The researchers leveraged these data to build an AI model, then trained it using real data from patients who had their intracranial pressure measured through invasive means — such as a lumbar catheter or a pressure-sensitive probe inserted through the skull. Finally, they validated the model with clinical data3.
“We have the largest study to date on predicting intracranial hypertension with AI, and the first to provide external validation for an algorithm,” Gulamali says. He hopes that doctors in the ICU could one day use this AI tool to monitor intracranial pressure without having to measure it directly.
And as intracranial hypertension is linked to problems such as glaucoma, and acute liver failure, an AI measure of intracranial pressure could also be useful beyond the ICU.
Medical management
Other research at Mount Sinai shows how hospitals can use AI tools to optimize patient care.
“The human brain does not have the capacity to absorb the sheer volume and different types of data that we generate from our patients right now,” says Eric Nestler, a psychiatrist, director of The Friedman Brain Institute, and dean for academic affairs at the Icahn School of Medicine at Mount Sinai.
Artificial intelligence can recognize patterns within these data that might elude physicians, he says. As an example, Nestler points to all the information that hospital systems collect from blood tests and other medical exams performed on newborns. This can help AI tools predict which infants born with acute problems might have worse outcomes, he says. That can help doctors devote more resources to their care.
Nestler also highlights the growing interest in AI tools to support mental health and emotional well-being. Since patients with mental health issues often experience relapses, continuous monitoring is critical, he says.

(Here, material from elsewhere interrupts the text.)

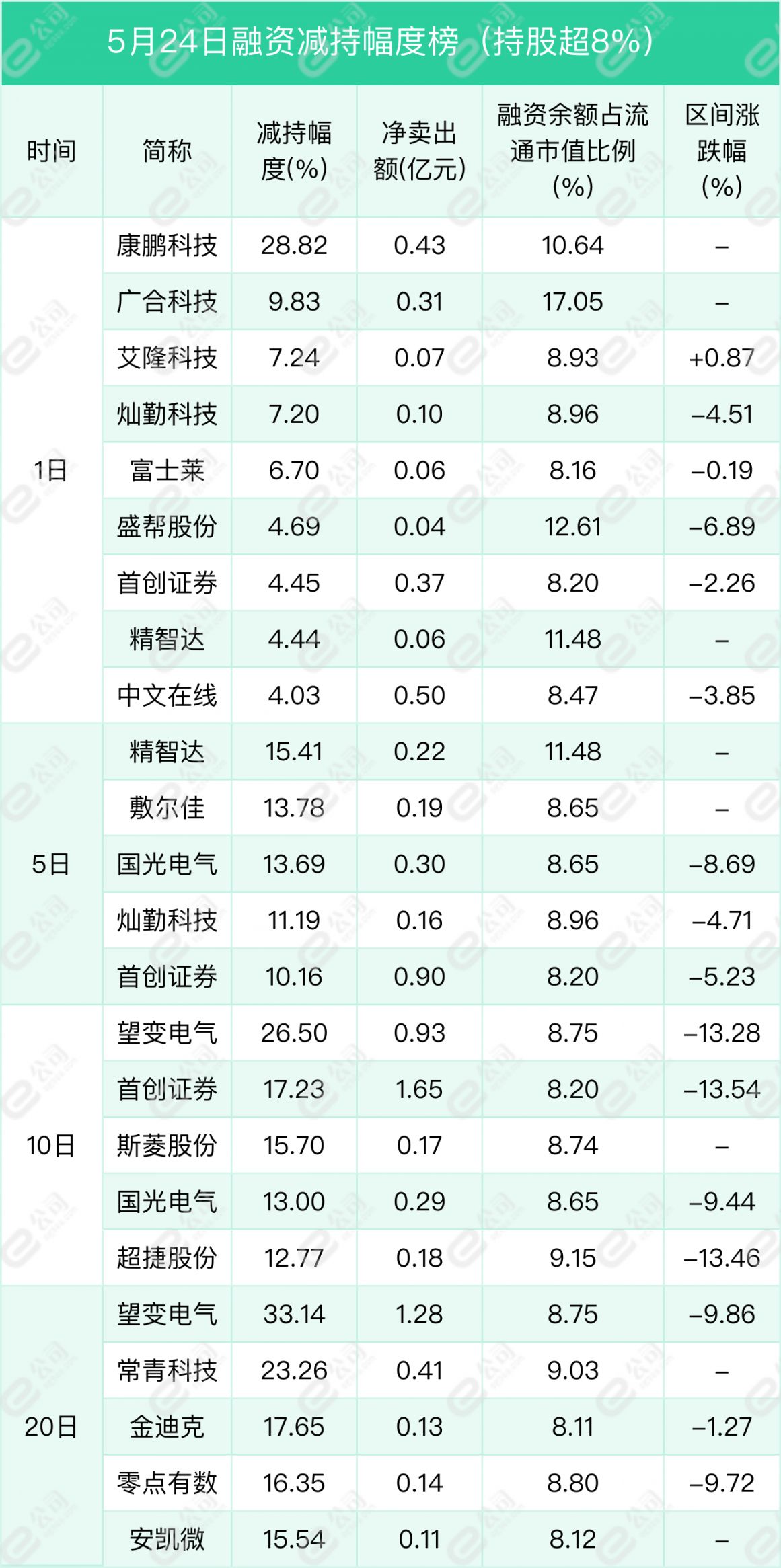 康鹏科技、广合科技、艾隆科技遭融资减持幅度居前,分别为28.82%、9.83%、7.24%。
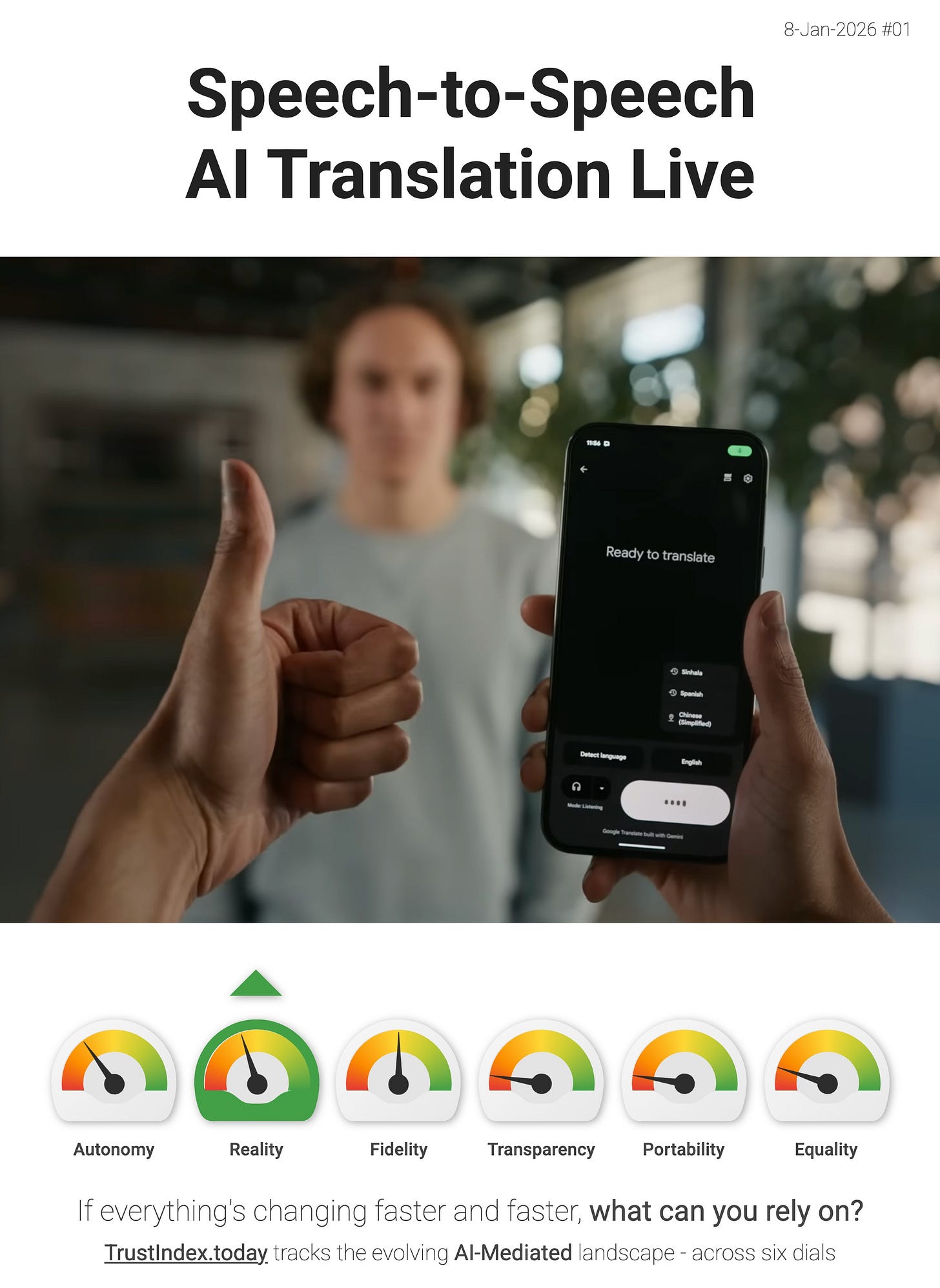 This is upward pressure on the Reality dial. When translation moves from “a thing you do” to “a layer you wear”, the AI starts sitting “between you and other people’s conversations” - filtering, re-timing, and re-voicing what you perceive in real time. Google explicitly claims the experience works to preserve “tone, emphasis and cadence”, making the mediated layer easier to accept as the default interface for live interaction.

Using AI to monitor how a person uses their smartphone can provide clues to their state of mind. “Analysing the tone, volume and cadence of speech and comparing it to their baseline patterns could help detect a patient who is beginning to deteriorate,” he says. Alerts from such automated surveillance tools could prompt caregivers to check on them. Nestler expects AI tools of this kind to assist mental health practitioners in the near future.
Protecting privacy
Harnessing patient data through machine learning demands advanced computing infrastructure, says Patricia Kovatch, dean of scientific computing and data at Icahn Mount Sinai. Mount Sinai has made significant investments to create that infrastructure, she says. It is also essential to protect the privacy of medical data on which AI models are trained, she says — and that has been integral to the health system’s efforts to embrace AI. “We’ve de-identified a lot of the data, to enhance accessibility for everybody,” she says. “We have a million pathology slides here – de-identified, so people can use them, and we have de-identified copies of the structured fields of the medical records.”

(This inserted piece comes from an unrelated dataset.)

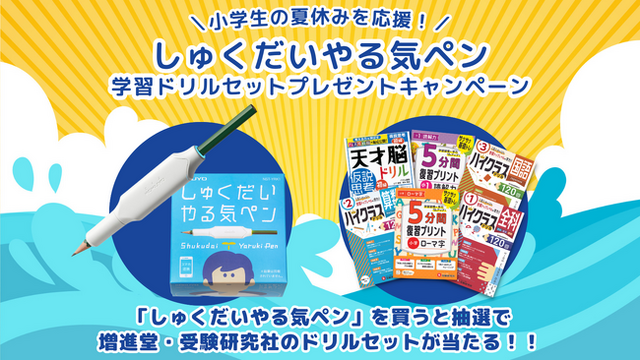 この度、コクヨ「しゅくだいやる気ペン」購入者を対象に、増進堂・受験研究社の「厳選学習ドリルセット」を抽選で20名様にプレゼント致します。5分間復習や粘り強く考えるセンスを磨くドリルなど、楽しく学べる教材を厳選いたしました。「しゅくだいやる気ペン」と学年に合わせた学習ドリルとを一緒にお使いいただくことで、家庭学習の習慣づくりや学力アップのお手伝いを致します。

Nestler says enormous progress can be made. “We are at the very beginning of mining all the potential advances,” he says.
He envisages a future when doctors will use AI to sift DNA sequences and medical records to find patterns invisible to the human eye and brain. “Putting all that together will yield richer insights into the conditions a patient might present with,” Nestler says. “And that would lead to better precision care.”